Most people don’t understand facts LIVE. Once immobilized, these facts are now safe to handle. They often become PRESENTS (THE GIFT) to be admired and can have many uses. Each man anxiously brought such story-wrapped facts to the CIRCLE. We spend about six months going over these stories; again and again, so that each person could share their life.

All of us were prepared to display our GIFT. We knew it was pretty to look at, but would that be enough? Would it be admired and appreciated? After all, these GIFT/presents are proof of our successes and justifications for suffering. This is STORY, humanity’s most powerful tool. Once created, STORY often becomes permanent; it fixes facts in place until we believe the story is fact. Rare are the occasions anyone actually opens such gifts and examines the facts they contain. VOEG was such a process.

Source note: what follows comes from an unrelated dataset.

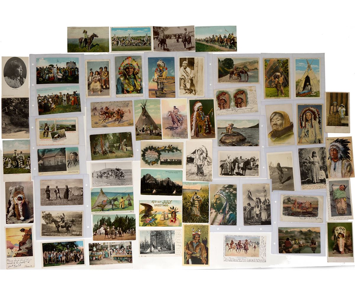 Lot of 57 cards. Various publishers. Some are RPC. Native American figures such as: Chief Wau-Ko-Ma, Chief Gotebo, Chief Standing Deer, Princess Angeline, Abbie Gardner Sharp, Geronimo, White Bull, Red Cloud, and Lone Wolf. Some used. Many are very colorful. Many different tribes and activities represented: Bannock, Ohinemutu, Minnehaha, Flathead, Apache, Pomo, Sarcee, Comanche, Cherokee,Sioux, Blackfoot, Piute, Kiowa, war dance, medicine men, washing clothes, Indian school, etc. Please inspect this fantastic collection!

If you were to read up on VOEG (“H-Unit VOEG graduates prepare for survivor panel”), you’d discover that its stated purpose is to help inmates develop empathy for their victims, communities and even their prior selves. This is a component of restorative justice intended to help offenders learn to demonstrate accountability for their crimes and develop new habits to respond to life’s challenges. Inmates evidence such development by participating in a Survivor Panel between victims of heinous crimes and the group. At the Panel group members would tell the unvarnished truth about their crimes and share the grief of survivors.

“Memory is not a description of the objective past. Memory is a tool. Memory is the past’s guide to the future. If you remember that something bad happened, and your can figure out why, then you can try to avoid that bad thinking happening again. That’s the purpose of memory. It’s not ‘to remember the past.’ It’s to stop the same damn thinking from happening over and over.” Peterson 239

Much work must be done to prepare for a Survivor Panel. In our case, the process took more than eighteen months. That work consisted of examining the facts of our crimes and their impact on victims, families (both our victims and our own), community, and self.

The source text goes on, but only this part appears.